[Dataset extract Boundary: Start]

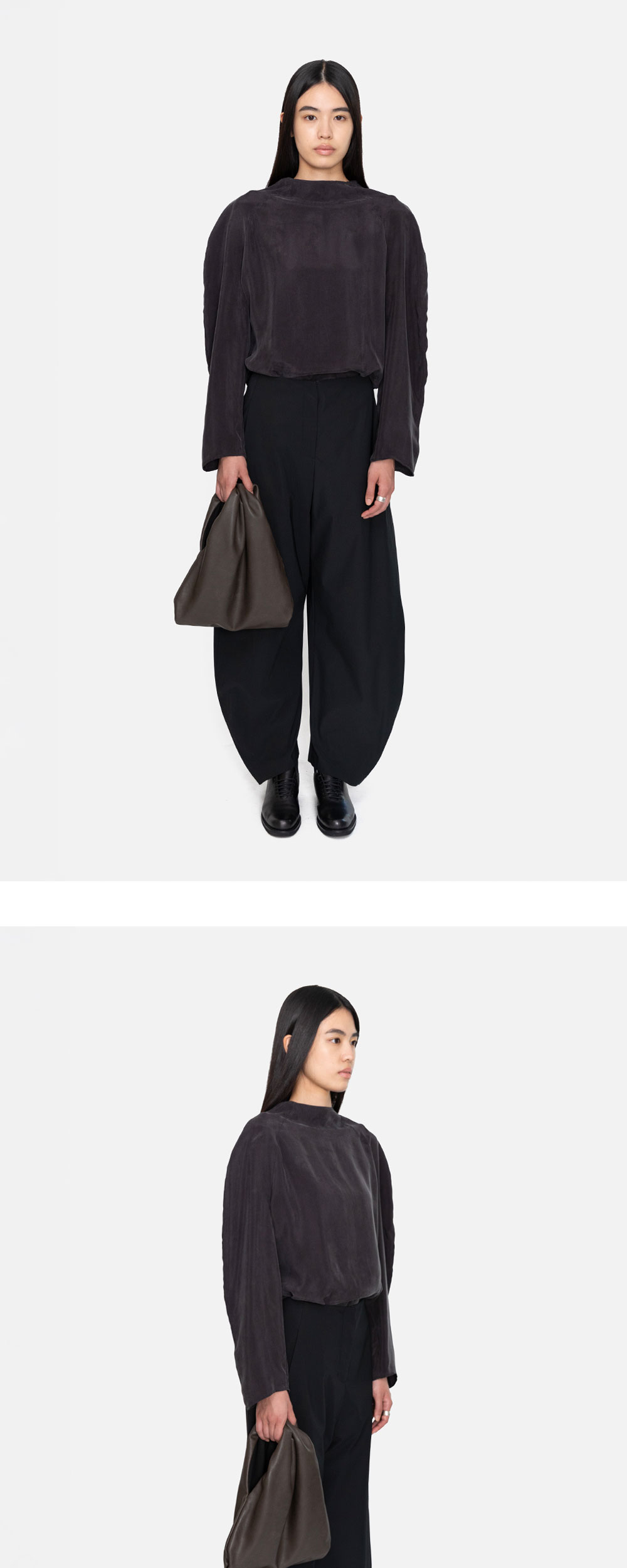 아모멘토 우먼 커브드 실루엣 팬츠 블랙입니다. - 루즈하게 쌓이는 긴 기장감으로 트렌디한 핏 연출 - 탄탄한 소재로 구조적인 실루엣 표현 - 불필요한 디테일을 배제해 실루엣을 강조 - 단독으로도, 베이직한 아이템과도 감각적인 스타일링 가능 *모델 스펙: 177cm 0 Size 착용
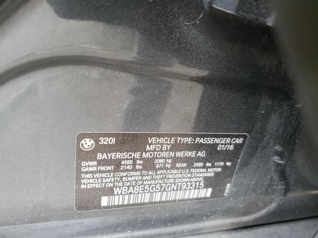 This 2016 BMW 3 Series (Grey) comes from a major insurance auction in the USA or Canada. All information on this page is linked to the vehicle’s VIN (WBA8E5G57GNT93315), which helps confirm where the car was listed and what condition it was in at the time of sale.
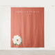 This is a minimalist style image featuring an elegant wedding invitation design with a soft coral background. At the top, the names "Isabella & Patrick" are written in a clean, modern font, followed by their special date, "June 6, 2026." A delicate white peony flower with green leaves adorns the bottom left corner, adding a touch of natural beauty and sophistication. The overall mood is warm and inviting, perfect for setting the tone for a romantic celebration.
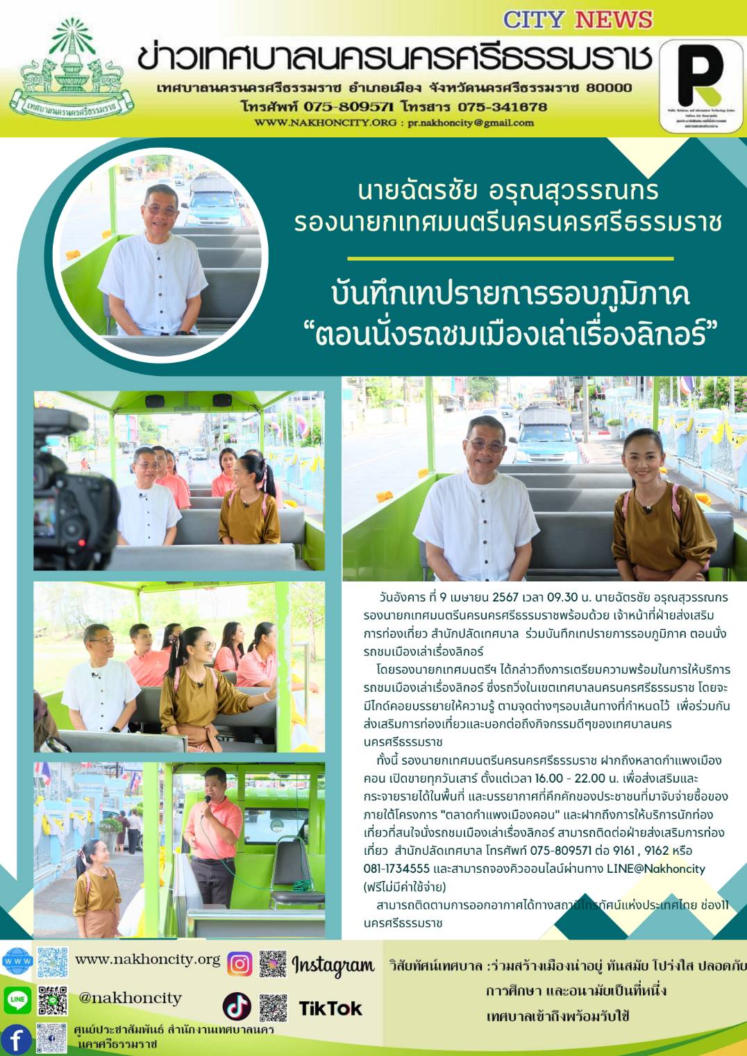 | วันอังคาร ที่ 9 เมษายน 2567 เวลา 09.30 น. นายฉัตรชัย อรุณสุวรรณกร รองนายกเทศมนตรีนครนครศรีธรรมราช พร้อมด้วย เจ้าหน้าที่ฝ่ายส่งเสริมการท่องเที่ยว สำนักปลัดเทศบาล ร่วมบันทึกเทปรายการรอบภูมิภาค ตอนนั่งรถชมเมืองเล่าเรื่องลิกอร์ โดยรองนายกเทศมนตรีฯ ได้กล่าวถึงการเตรียมความพร้อมในการให้บริการรถชมเมืองเล่าเรื่องลิกอร์ ซึ่งรถวิ่งในเขตเทศบาลนครนครศรีธรรมราช โดยจะมีไกด์คอยบรรยายให้ความรู้ ตามจุดต่างๆรอบเส้นทางที่กำหนดไว้ เพื่อร่วมกันส่งเสริมการท่องเที่ยวและบอกต่อถึงกิจกรรมดีๆของเทศบาลนครนครศรีธรรมราช ทั้งนี้ รองนายกเทศมนตรีนครนครศรีธรรมราช ฝากถึงหลาดกำแพงเมืองคอน เปิดขายทุกวันเสาร์ ตั้งแต่เวลา 16.00 - 22.00 น. เพื่อส่งเสริมและกระจายรายได้ในพื้นที่ และบรรยากาศที่คึกคักของประชาชนที่มาจับจ่ายซื้อของ ภายใต้โครงการ "ตลาดกำแพงเมืองคอน" และฝากถึงการให้บริการนักท่องเที่ยวที่สนใจนั่งรถชมเมืองเล่าเรื่องลิกอร์ สามารถติดต่อฝ่ายส่งเสริมการท่องเที่ยว สำนักปลัดเทศบาล โทรศัพท์ 075-809571 ต่อ 9161 , 9162 หรือ 081-1734555 และสามารถจองคิวออนไลน์ผ่านทาง LINE@Nakhoncity (ฟรีไม่มีค่าใช้จ่าย) สามารถติดตามการออกอากาศได้ทางสถานีโทรทัศน์แห่งประเทศไทย ช่อง11 นครศรีธรรมราช …………….. ภาพ//ข่าว//จันทร์จิรา |
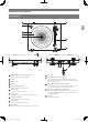 Part names and functions Overall diagram 5 5 EN 1 2 3 4 6 7 11 8 9 10 15 12 13 14 1 45 RPM adapter (shown in receptacle) Select the platter speed (33-1/3 or 45 RPM). 2 Platter 3 Rubber mat 4 Spindle 5 Dust cover hinge holders Attachment points for dust cover hinges. 6 Tonearm part For details, refer to “Tonearm” on p. 5. 7 Size selector Switch between 12" and 7", according to the size of the record. 8 Platter speed button Select the platter speed (33-1/3 or 45 RPM).

[Dataset extract Boundary: End]

> _What to produce_
Exact repeats of the lines from the first one in the data through the line containing "This is a minimalist" make up the answer. Pictures do not.

> _Result of the task_
 아모멘토 우먼 커브드 실루엣 팬츠 블랙입니다. - 루즈하게 쌓이는 긴 기장감으로 트렌디한 핏 연출 - 탄탄한 소재로 구조적인 실루엣 표현 - 불필요한 디테일을 배제해 실루엣을 강조 - 단독으로도, 베이직한 아이템과도 감각적인 스타일링 가능 *모델 스펙: 177cm 0 Size 착용
 This 2016 BMW 3 Series (Grey) comes from a major insurance auction in the USA or Canada. All information on this page is linked to the vehicle’s VIN (WBA8E5G57GNT93315), which helps confirm where the car was listed and what condition it was in at the time of sale.
 This is a minimalist style image featuring an elegant wedding invitation design with a soft coral background. At the top, the names "Isabella & Patrick" are written in a clean, modern font, followed by their special date, "June 6, 2026." A delicate white peony flower with green leaves adorns the bottom left corner, adding a touch of natural beauty and sophistication. The overall mood is warm and inviting, perfect for setting the tone for a romantic celebration.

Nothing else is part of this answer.